A humming-style score that recalls Glee music often bolsters up the mood, despite what is happening onscreen not always fully matching up with it. More effective are makeshift “info cards” on each character we see, popping up on screen at their introductions and allowing a window into Birdy’s views on each person. Some of them move by too quickly to the point that I had to pause or go back to them, but seeing them recur was delightful. A few of the side characters, like Birdy’s “so handsome” Uncle George (Joe Alwyn, Boy Erased, The Favourite) or the “abominable” young Robert (Dean-Charles Chapman, Game of Thrones, 1917), I wish we had seen more from. Birdy’s mother, Lady Aislinn (Billie Piper, Doctor Who, Penny Dreadful), is also barely utilized. 
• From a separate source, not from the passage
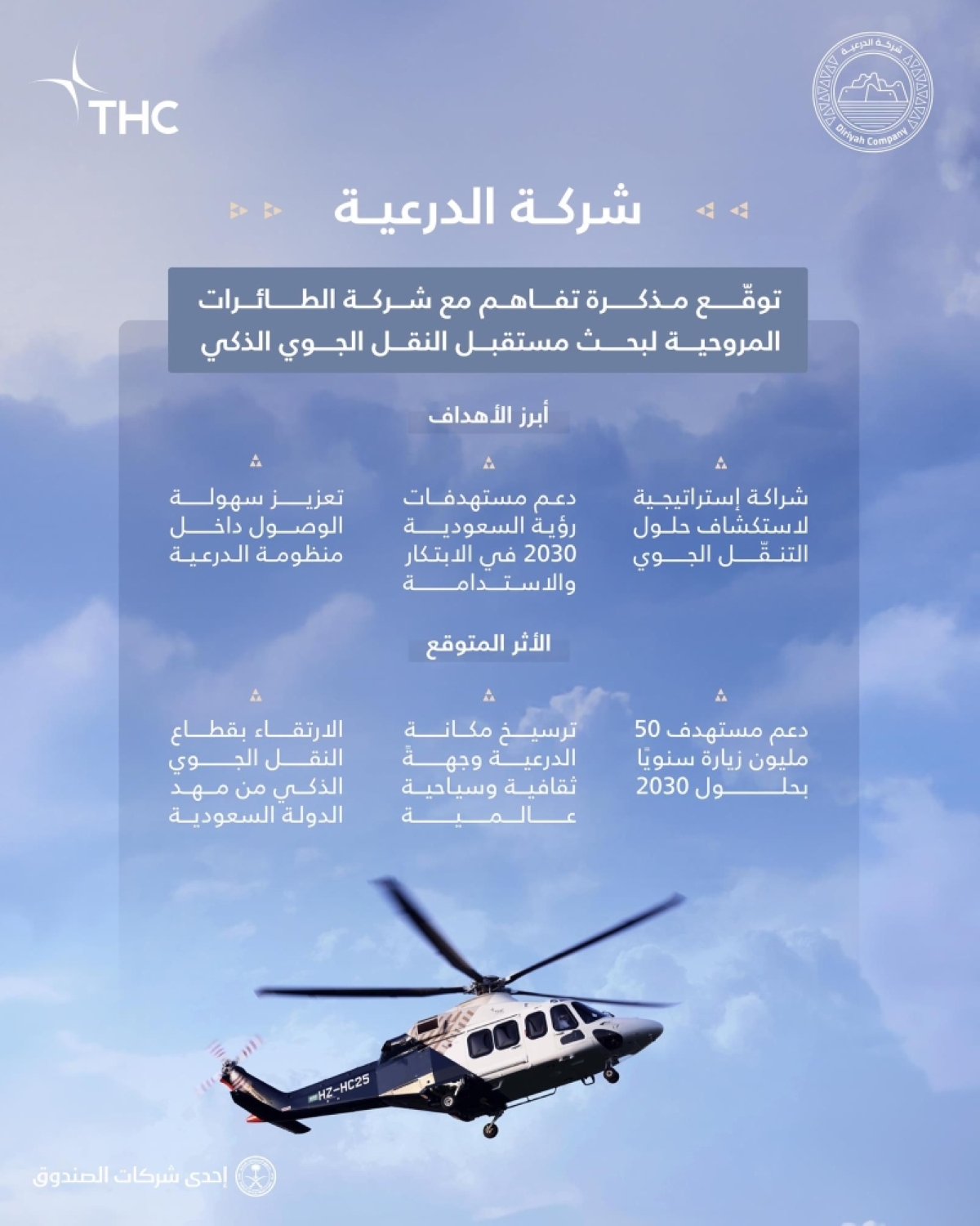 أعلنت شركة الدرعية عن توقيع مذكرة تفاهم مع شركة الطائرات المروحية، أكبر مشغل تجاري لخدمات الطيران المروحي في المملكة، بهدف بحث فرص تطوير حلول نقل جوي مبتكرة ضمن مشروع الدرعية، الذي يستعد لأن يكون أكبر وجهة ثقافية وسياحية في العالم، ويستهدف استقبال 50 مليون زيارة سنويا بحلول 2030.

Eventually, Catherine Called Birdy comes to a properly predictable and modern-style close, urging viewers to continue fighting “no matter who may come on horseback.” While I appreciated the message, even the conclusion felt half-baked and underwhelming to me. While there is plenty here to delight and captivate younger viewers, I didn’t walk away from the film having any major takeaways or memorable moments. In the end, Catherine Called Birdy is cute enough, and I would love to see more from Lena Dunham regardless. 

Catherine Called Birdy laments living in a man’s world when it heads to select theaters on Friday, September 23rd, before it debuts to Prime Video subscribers on Friday, October 7th.